Abel Ferrara, em Vício Frenético, imerge o público na psique perturbada de um tenente da polícia de Nova York, um homem consumido pela degradação moral. O protagonista, encarnado com uma força brutal por Harvey Keitel, é um poço de vícios: mergulhado em apostas compulsivas, uso desenfreado de drogas e envolvimento com prostituição, ele opera à margem de qualquer ética profissional, utilizando seu distintivo para saciar seus desejos mais abjetos.
A trama ganha um contorno inesperado quando a investigação de um brutal estupro contra uma freira se torna o catalisador para uma crise existencial particular. Este evento, de uma crueldade chocante, parece despertar no tenente uma perturbadora busca por uma forma de absouição, ou talvez apenas um vislumbre de sentido em seu caos.

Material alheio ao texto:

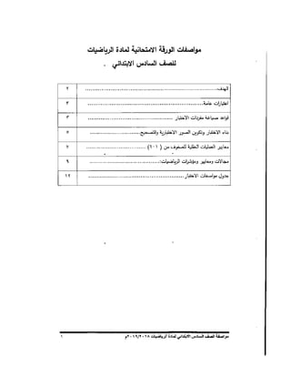مواصفات الورقة الامتحانية لمادة الرياضيات للصف السادس - الفصل الدراسي الأول - للعام الدراسي 2018 /2019 م
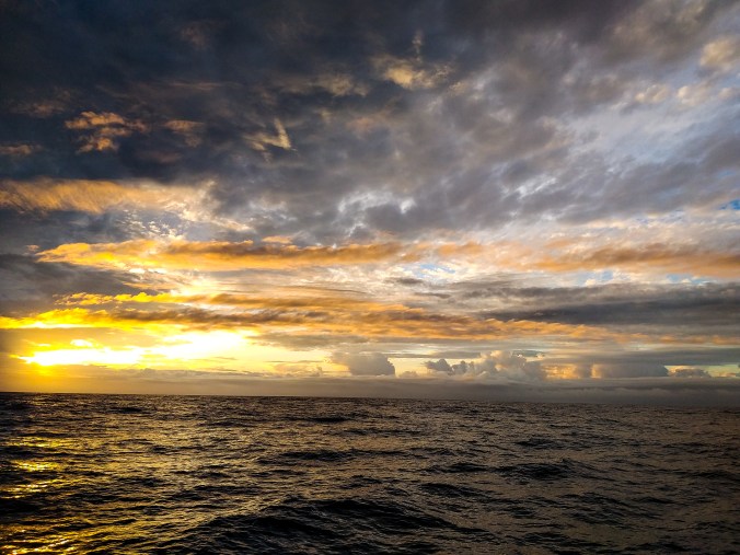 Mi mañana empieza durante una tormenta. Suelo despertarme diez minutos antes de mi turno para prepararme un café. Aquí es imposible, el barco azota de lado a lado y el ruido de la lluvia ensordece. Me asomo a preguntarle a Tom si requiere ayuda. Para mi desgracia, asiente. Tomo mi chaleco salvavidas, lo engancho a una correa que a su vez está enganchada al palo de la Mesena (vela de popa) y salgo a emprender el día en una lluvia que pega lastimosamente de lado y un viento de 35 nudos. Llevamos un foque de batalla y la Mesena con dos rizos. El barco soporta el azote de maravilla, así que decidimos dejarlo cómo está y tomo el timón. Abajo es otra historia: tenemos goteras en todas las escotillas, al pie del mástil y en otros lados no identificables. A las 0830 cambiamos el foque por la Genovesa y bajo a desayunar un mango. No puedo dejar que se nos pudran. A las 1030 izamos la Mayor y echamos las líneas de pesca. El día trascurre plagado de tormentas cortas seguidas de poco viento. A ratos usamos el motor para mantener un rumbo norte y así acortar la distancia que nos separa de los vientos mercantes, dónde con suerte ya no habría tormentas. La lluvia deja el interior empapado y resbaloso. Ahora le toca al gato disfrutar de vernos patinar de lado a lado.
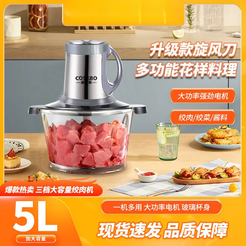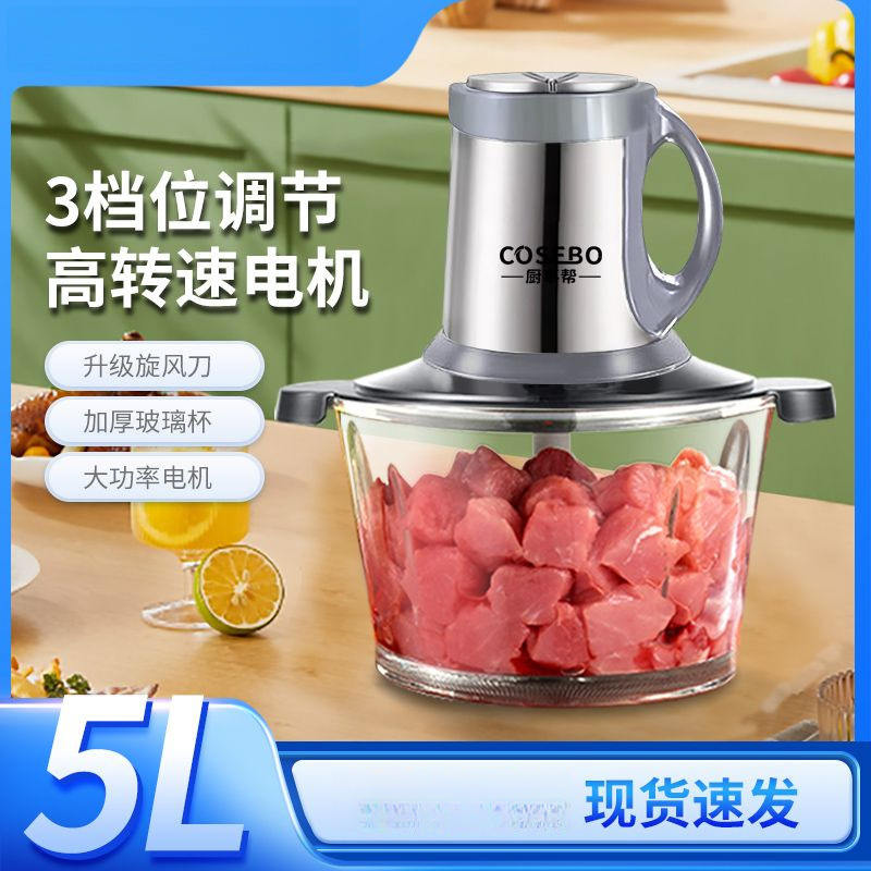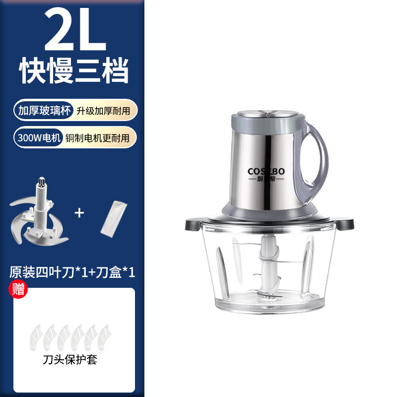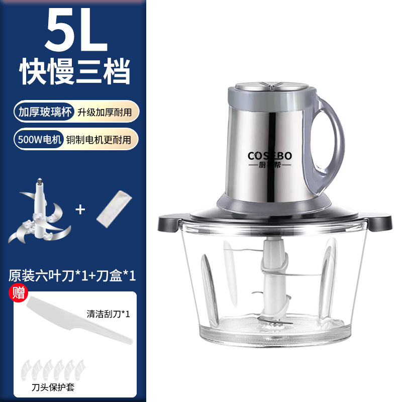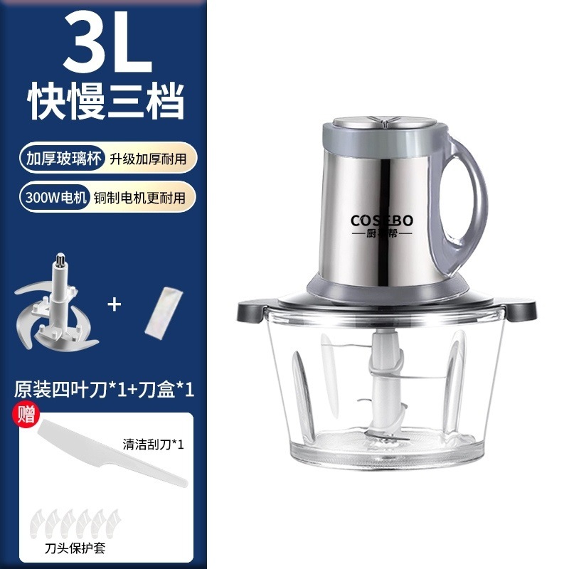 Стеклянная мясорубка объемом 2 литра [резец на 4 страницы]; 3 литра утолщенного стекла [толщина видна]; 5 литров утолщенного боросиликатного стекла [большая емкость, 6-страничная циклонная режущая головка]

As visões perturbadoras que o assombram, intercaladas com sua rotina de depravação, sugerem uma luta interna singular, onde a fé e a blasfêmia se confundem em um território ambíguo, desafiando a própria lógica da redenção.

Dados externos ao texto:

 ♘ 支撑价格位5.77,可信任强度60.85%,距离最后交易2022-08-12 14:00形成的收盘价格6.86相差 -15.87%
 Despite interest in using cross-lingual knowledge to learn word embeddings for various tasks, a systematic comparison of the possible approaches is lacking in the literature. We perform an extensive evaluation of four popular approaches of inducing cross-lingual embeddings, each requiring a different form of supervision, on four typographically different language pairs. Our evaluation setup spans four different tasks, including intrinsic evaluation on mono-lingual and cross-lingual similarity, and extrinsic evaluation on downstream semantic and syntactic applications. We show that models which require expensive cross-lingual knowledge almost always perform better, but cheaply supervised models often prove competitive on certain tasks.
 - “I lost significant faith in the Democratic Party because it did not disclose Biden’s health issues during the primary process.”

Ferrara não recua. Sua direção é crua, quase documental, mergulhando o espectador sem reservas na sujeira das ruas de Nova York e na tormenta da alma do personagem. Não há concessões ou juízos fáceis; o filme apenas observa a derrocada e a tênue possibilidade de uma graça alcançada nos termos mais improváveis. A atuação de Keitel é o motor desta jornada, exibindo uma vulnerabilidade grotesca que magnetiza, tornando palpável o desespero e a estranha humanidade em meio ao abismo. Vício Frenético se solidifica como um estudo incisivo sobre a natureza da corrupção e a complexidade do espírito humano, mesmo quando confrontado com a própria desolação.